# Exercise instructions
The reply should hold only the lines below beginning at the one with "①2月23—25日,东于镇出" and ending at the one with "- rozvoj kľúčových", copied exactly, with every picture left out.

# Data
+ + +

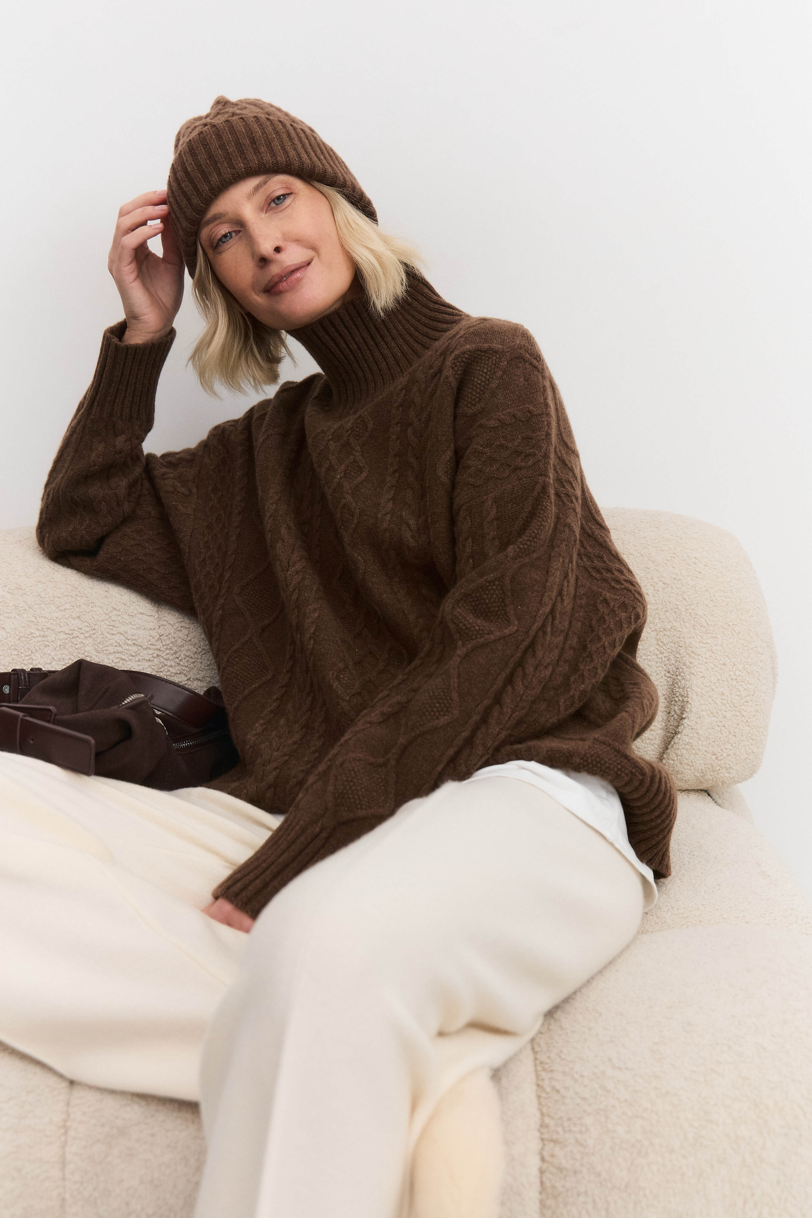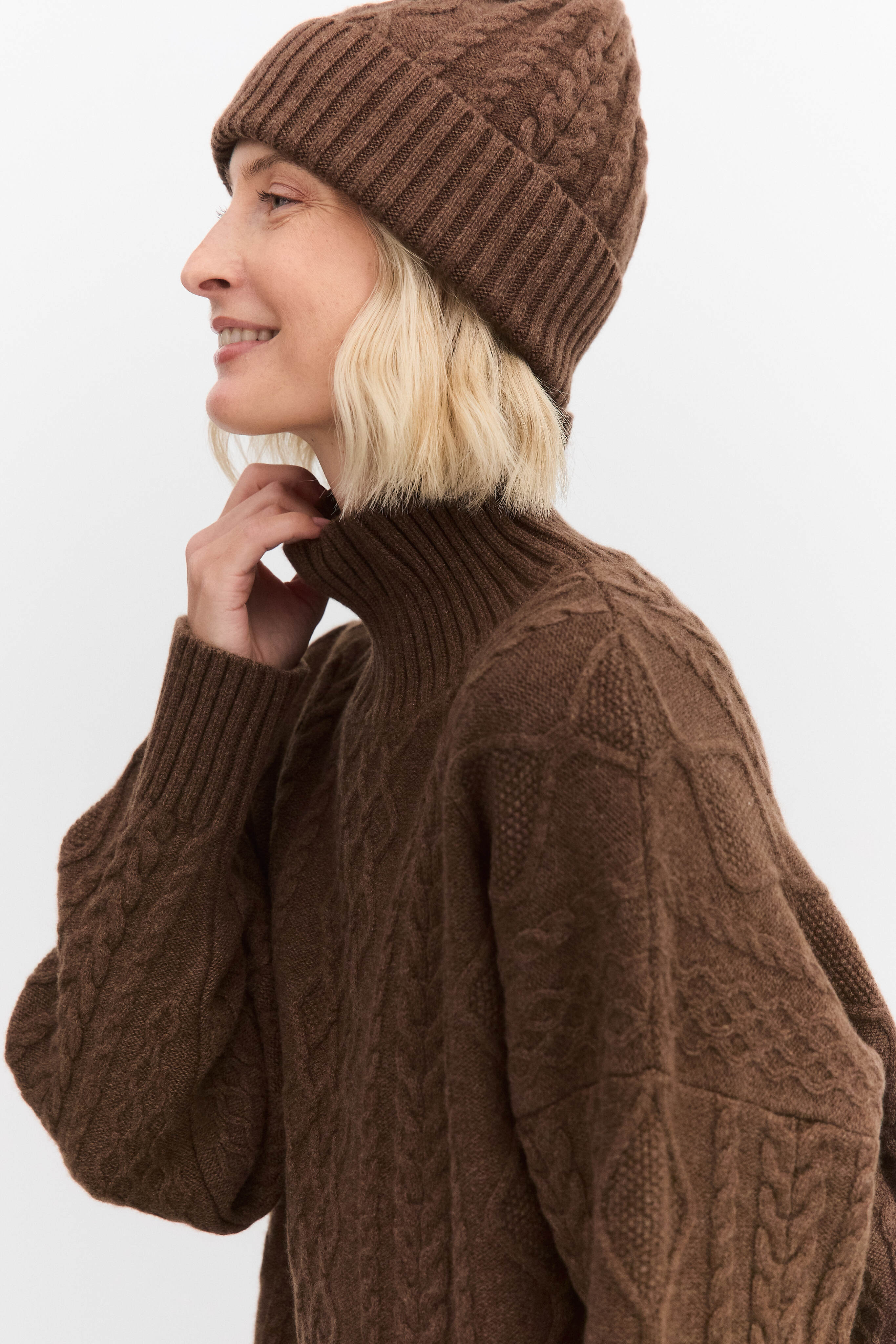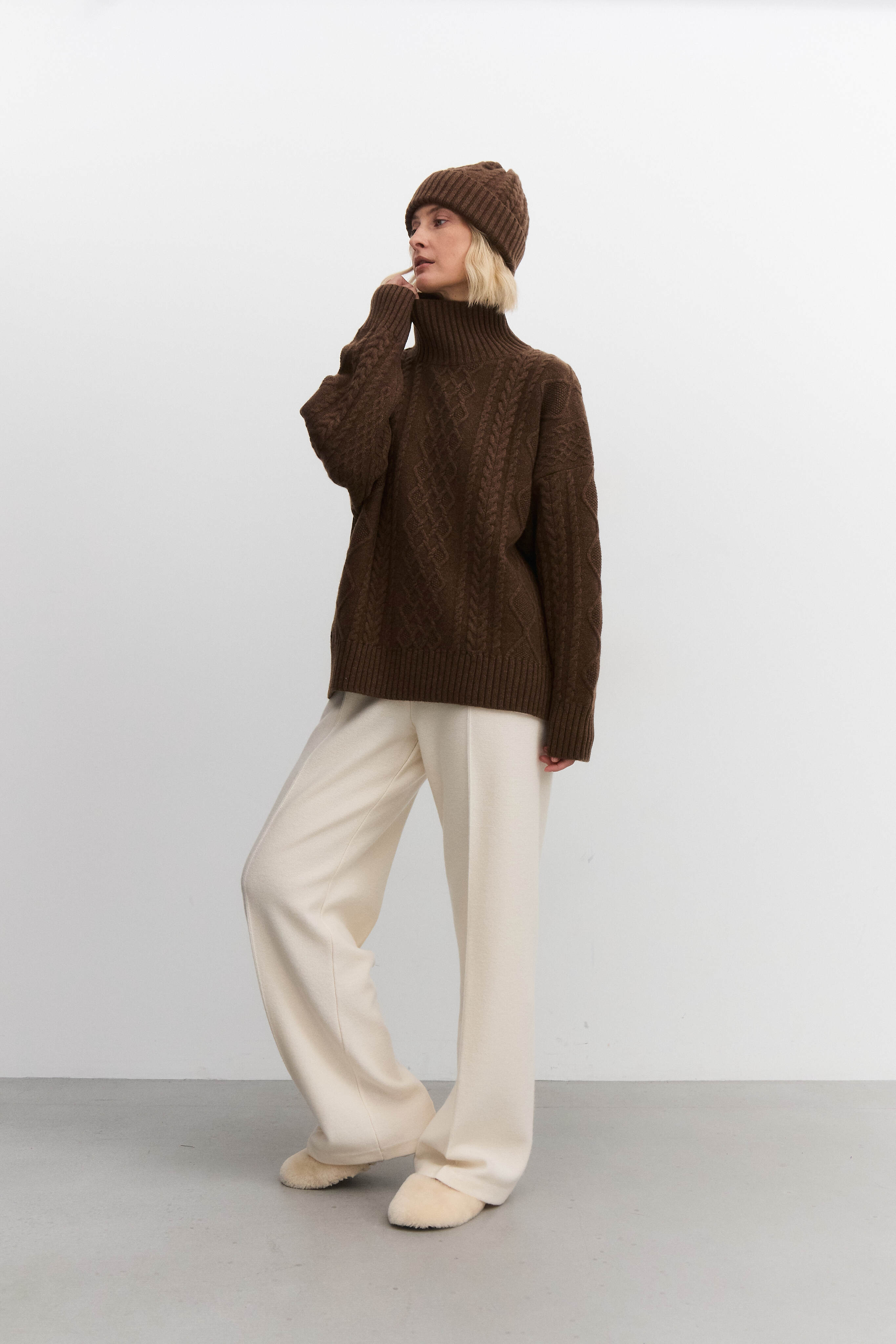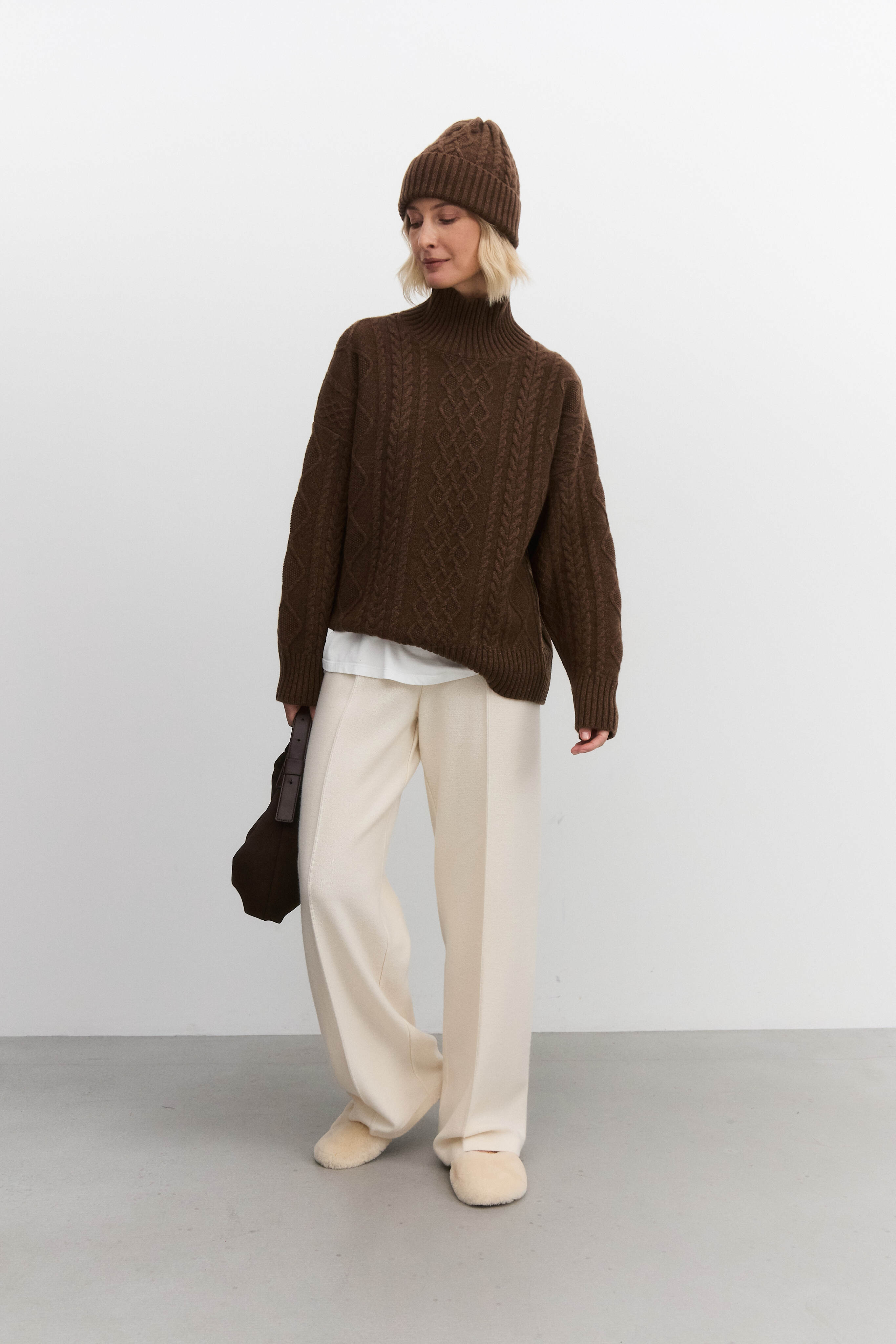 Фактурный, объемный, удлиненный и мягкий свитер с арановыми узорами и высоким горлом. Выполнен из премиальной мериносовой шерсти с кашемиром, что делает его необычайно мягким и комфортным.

+ + +

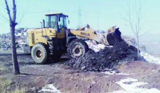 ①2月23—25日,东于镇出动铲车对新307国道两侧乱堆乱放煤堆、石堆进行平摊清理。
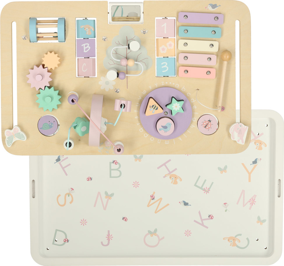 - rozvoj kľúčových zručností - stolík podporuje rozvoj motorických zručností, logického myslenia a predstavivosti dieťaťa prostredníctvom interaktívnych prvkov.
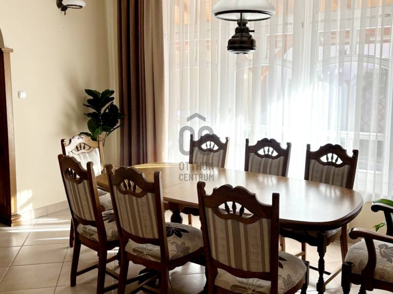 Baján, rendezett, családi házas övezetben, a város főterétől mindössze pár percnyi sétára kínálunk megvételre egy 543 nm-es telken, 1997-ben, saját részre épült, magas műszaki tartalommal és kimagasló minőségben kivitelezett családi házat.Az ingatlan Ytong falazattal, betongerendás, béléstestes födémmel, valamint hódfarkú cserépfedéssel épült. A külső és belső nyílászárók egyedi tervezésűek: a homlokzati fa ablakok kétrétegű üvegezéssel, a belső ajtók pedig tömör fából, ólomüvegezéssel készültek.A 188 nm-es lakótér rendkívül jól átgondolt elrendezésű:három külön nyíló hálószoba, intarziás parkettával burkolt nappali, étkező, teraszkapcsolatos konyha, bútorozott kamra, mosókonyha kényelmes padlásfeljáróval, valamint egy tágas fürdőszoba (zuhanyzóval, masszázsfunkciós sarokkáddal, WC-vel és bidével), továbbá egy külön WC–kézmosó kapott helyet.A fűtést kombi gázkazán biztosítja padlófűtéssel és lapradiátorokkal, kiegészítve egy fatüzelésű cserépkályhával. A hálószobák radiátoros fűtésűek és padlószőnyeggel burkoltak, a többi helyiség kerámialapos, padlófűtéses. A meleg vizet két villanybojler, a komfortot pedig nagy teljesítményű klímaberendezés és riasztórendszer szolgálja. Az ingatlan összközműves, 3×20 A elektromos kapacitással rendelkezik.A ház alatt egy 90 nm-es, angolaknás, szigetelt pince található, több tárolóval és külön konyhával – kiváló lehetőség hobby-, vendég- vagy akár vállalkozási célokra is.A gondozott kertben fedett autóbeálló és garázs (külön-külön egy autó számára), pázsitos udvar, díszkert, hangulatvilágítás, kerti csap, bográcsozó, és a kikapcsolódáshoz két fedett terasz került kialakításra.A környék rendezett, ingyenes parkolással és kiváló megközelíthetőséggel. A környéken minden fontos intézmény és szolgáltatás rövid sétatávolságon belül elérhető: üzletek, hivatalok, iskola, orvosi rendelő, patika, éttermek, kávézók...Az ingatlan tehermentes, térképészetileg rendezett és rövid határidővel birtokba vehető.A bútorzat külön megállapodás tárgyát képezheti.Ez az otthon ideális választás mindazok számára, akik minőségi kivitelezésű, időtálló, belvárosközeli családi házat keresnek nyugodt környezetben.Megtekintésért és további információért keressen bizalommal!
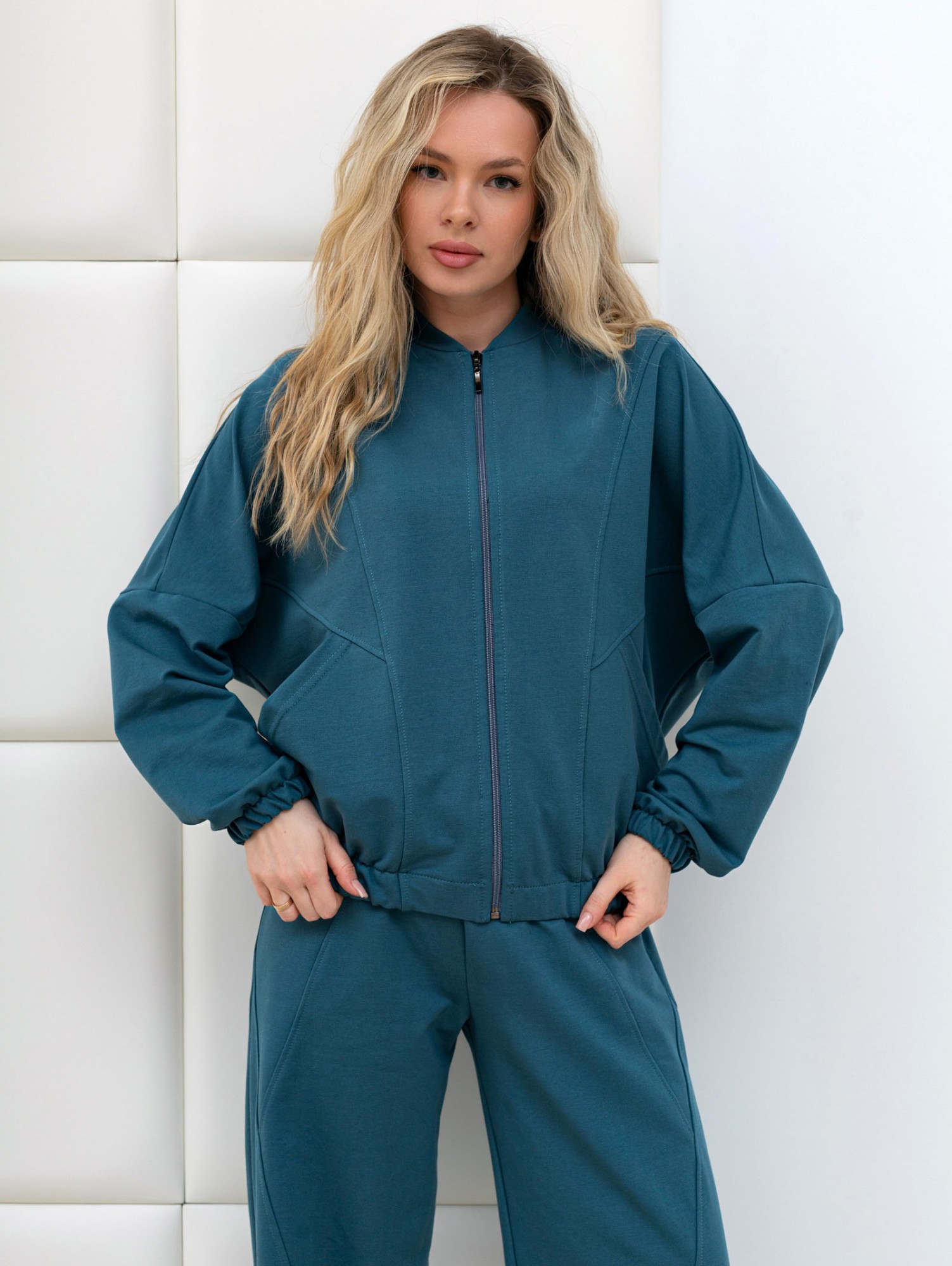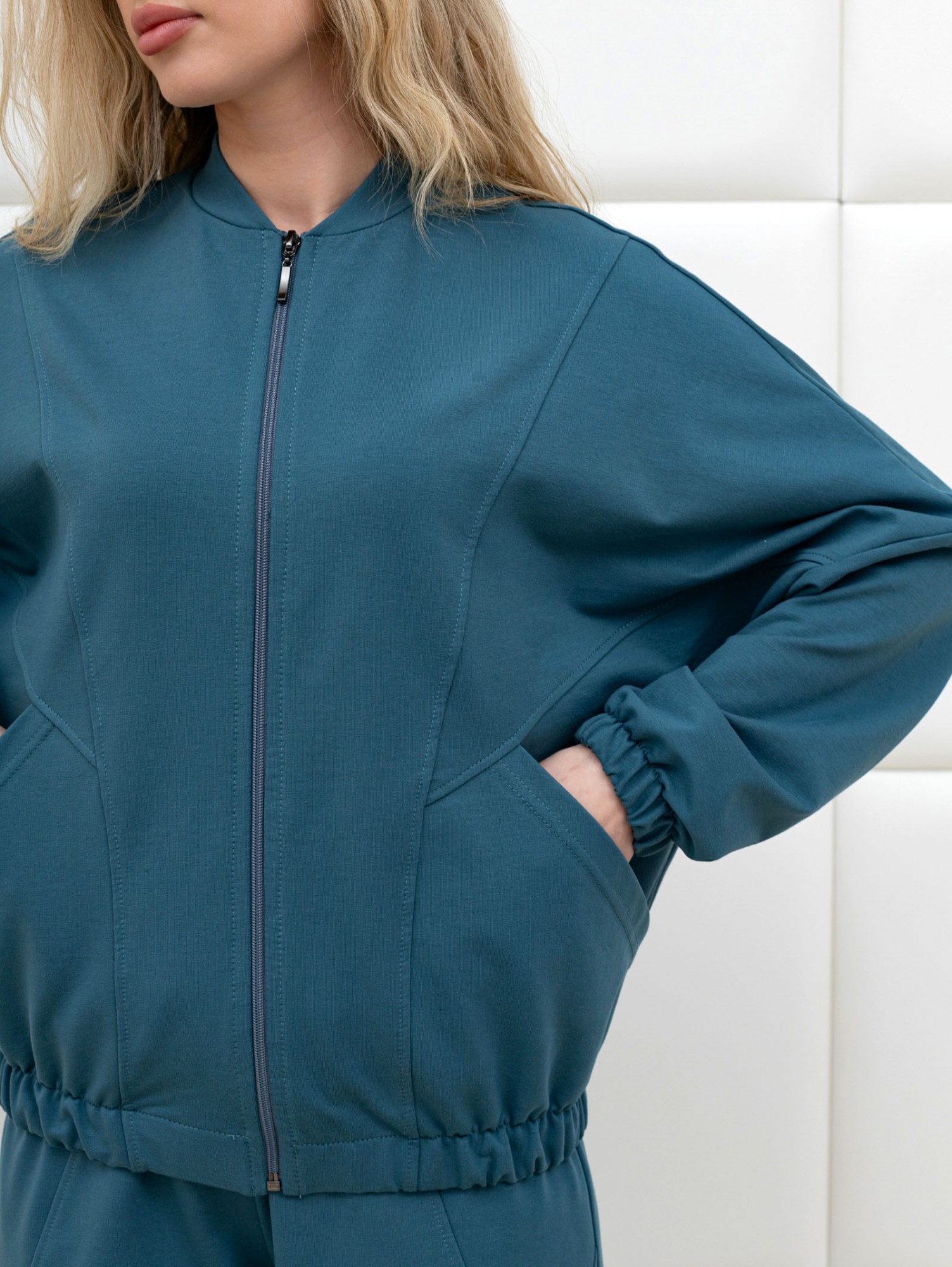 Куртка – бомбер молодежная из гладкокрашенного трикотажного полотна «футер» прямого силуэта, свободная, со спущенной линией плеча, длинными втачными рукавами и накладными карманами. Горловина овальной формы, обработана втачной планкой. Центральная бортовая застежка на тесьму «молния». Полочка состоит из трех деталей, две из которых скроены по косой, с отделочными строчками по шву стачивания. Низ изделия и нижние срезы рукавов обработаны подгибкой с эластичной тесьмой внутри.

+ + +

# Expected answer
 ①2月23—25日,东于镇出动铲车对新307国道两侧乱堆乱放煤堆、石堆进行平摊清理。
 - rozvoj kľúčových zručností - stolík podporuje rozvoj motorických zručností, logického myslenia a predstavivosti dieťaťa prostredníctvom interaktívnych prvkov.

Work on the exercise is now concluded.